◆ What to work on: Could you set down the listing below exactly, leaving out its pictures?

◆ Input data:
* * *
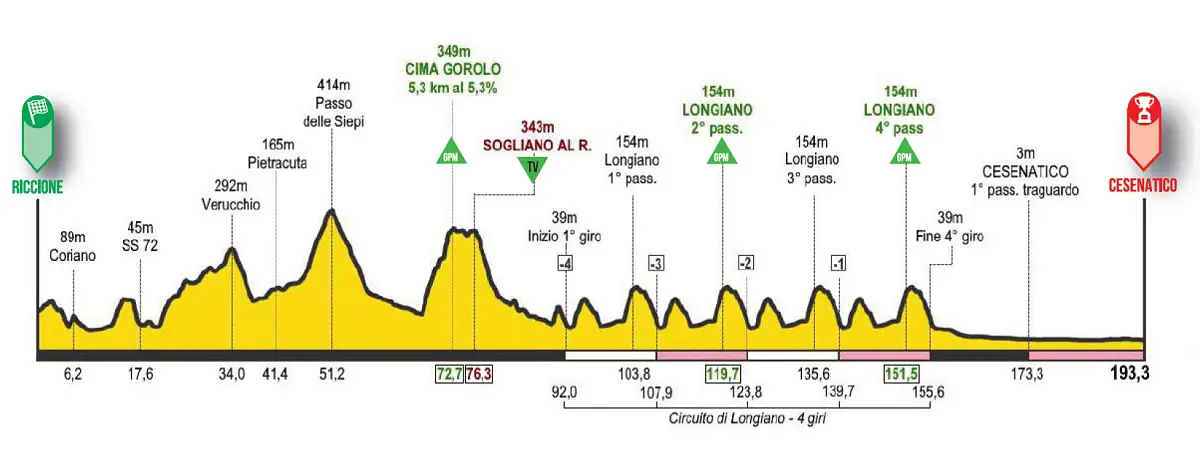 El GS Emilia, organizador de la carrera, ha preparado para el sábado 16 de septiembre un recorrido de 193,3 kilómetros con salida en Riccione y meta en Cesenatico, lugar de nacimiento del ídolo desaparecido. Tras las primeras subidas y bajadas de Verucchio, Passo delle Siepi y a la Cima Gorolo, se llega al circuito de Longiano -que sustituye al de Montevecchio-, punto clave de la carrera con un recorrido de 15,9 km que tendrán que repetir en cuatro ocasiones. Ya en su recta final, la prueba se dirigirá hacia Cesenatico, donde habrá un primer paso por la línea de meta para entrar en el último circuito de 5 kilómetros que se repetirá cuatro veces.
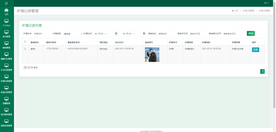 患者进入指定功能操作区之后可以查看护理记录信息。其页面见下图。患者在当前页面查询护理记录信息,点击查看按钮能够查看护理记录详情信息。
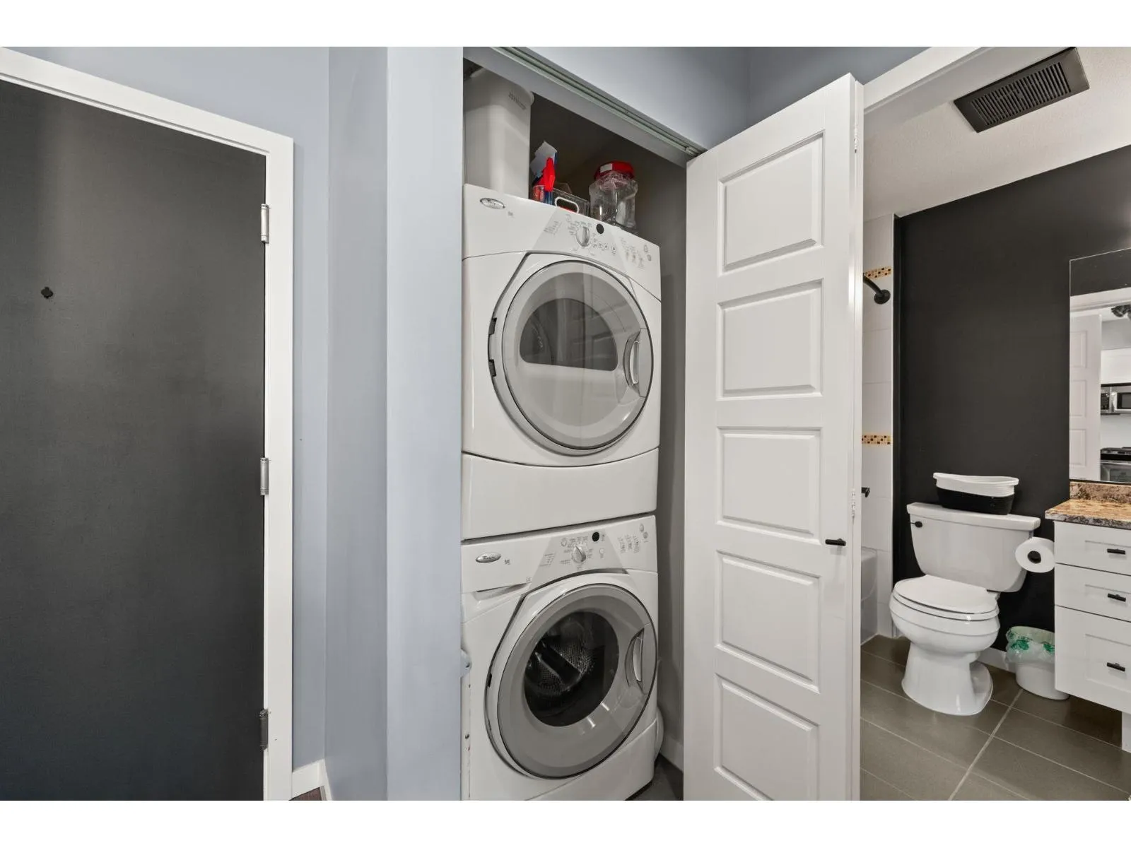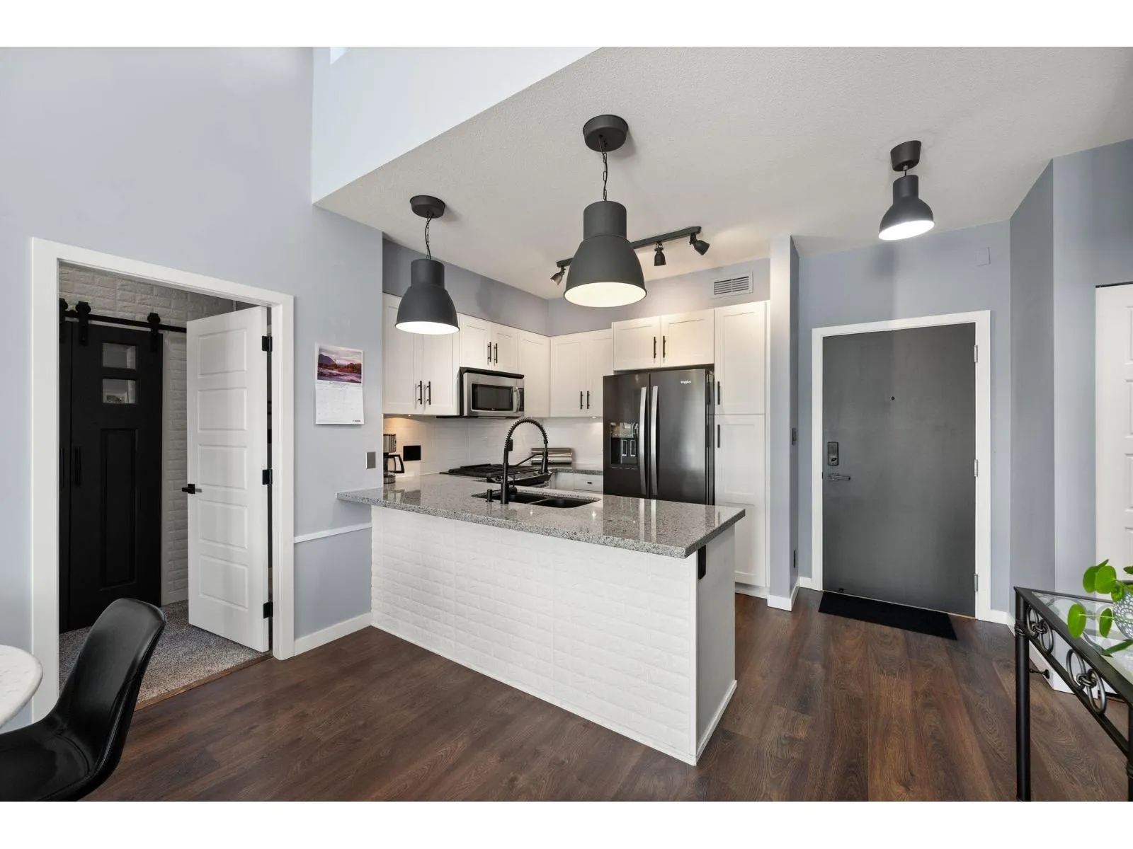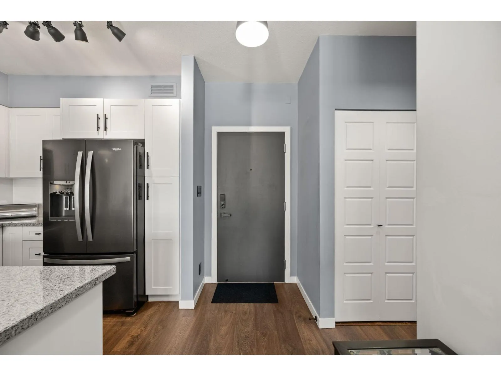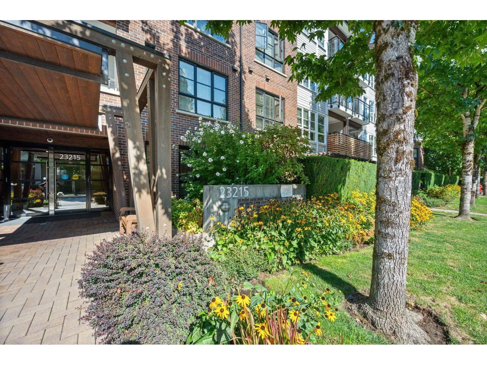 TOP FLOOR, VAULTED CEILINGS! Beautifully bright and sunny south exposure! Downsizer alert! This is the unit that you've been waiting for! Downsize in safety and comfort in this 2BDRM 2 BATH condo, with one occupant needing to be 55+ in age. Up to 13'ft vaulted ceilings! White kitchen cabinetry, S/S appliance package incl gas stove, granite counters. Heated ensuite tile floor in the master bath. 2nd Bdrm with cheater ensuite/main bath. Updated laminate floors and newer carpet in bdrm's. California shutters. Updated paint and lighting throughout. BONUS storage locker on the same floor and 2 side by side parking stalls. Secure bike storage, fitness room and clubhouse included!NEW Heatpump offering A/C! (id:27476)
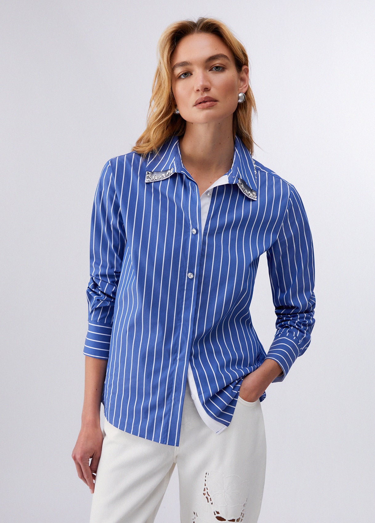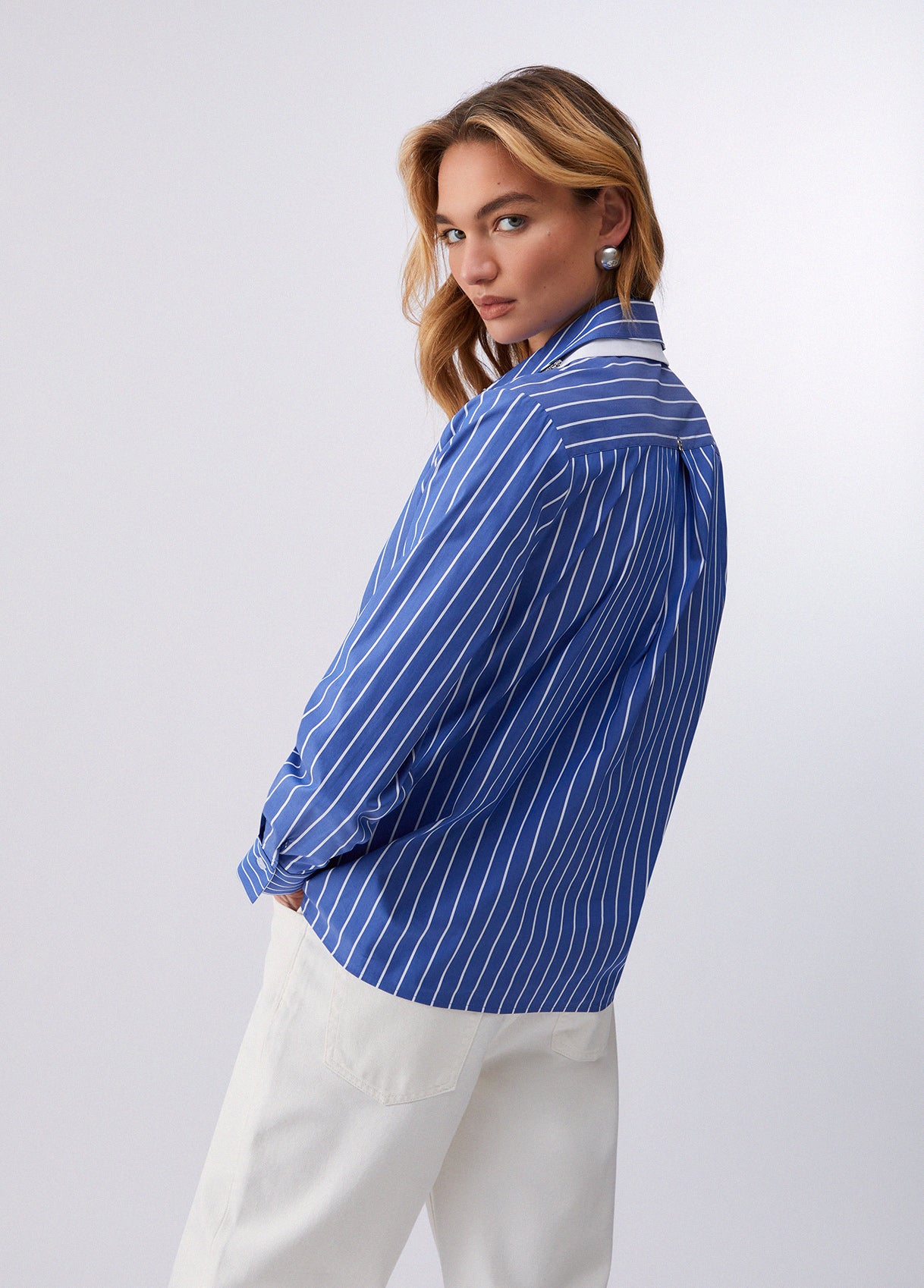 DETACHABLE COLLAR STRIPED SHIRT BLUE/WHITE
* * *
◆ Response below:
 El GS Emilia, organizador de la carrera, ha preparado para el sábado 16 de septiembre un recorrido de 193,3 kilómetros con salida en Riccione y meta en Cesenatico, lugar de nacimiento del ídolo desaparecido. Tras las primeras subidas y bajadas de Verucchio, Passo delle Siepi y a la Cima Gorolo, se llega al circuito de Longiano -que sustituye al de Montevecchio-, punto clave de la carrera con un recorrido de 15,9 km que tendrán que repetir en cuatro ocasiones. Ya en su recta final, la prueba se dirigirá hacia Cesenatico, donde habrá un primer paso por la línea de meta para entrar en el último circuito de 5 kilómetros que se repetirá cuatro veces.
 患者进入指定功能操作区之后可以查看护理记录信息。其页面见下图。患者在当前页面查询护理记录信息,点击查看按钮能够查看护理记录详情信息。
 TOP FLOOR, VAULTED CEILINGS! Beautifully bright and sunny south exposure! Downsizer alert! This is the unit that you've been waiting for! Downsize in safety and comfort in this 2BDRM 2 BATH condo, with one occupant needing to be 55+ in age. Up to 13'ft vaulted ceilings! White kitchen cabinetry, S/S appliance package incl gas stove, granite counters. Heated ensuite tile floor in the master bath. 2nd Bdrm with cheater ensuite/main bath. Updated laminate floors and newer carpet in bdrm's. California shutters. Updated paint and lighting throughout. BONUS storage locker on the same floor and 2 side by side parking stalls. Secure bike storage, fitness room and clubhouse included!NEW Heatpump offering A/C! (id:27476)
 DETACHABLE COLLAR STRIPED SHIRT BLUE/WHITE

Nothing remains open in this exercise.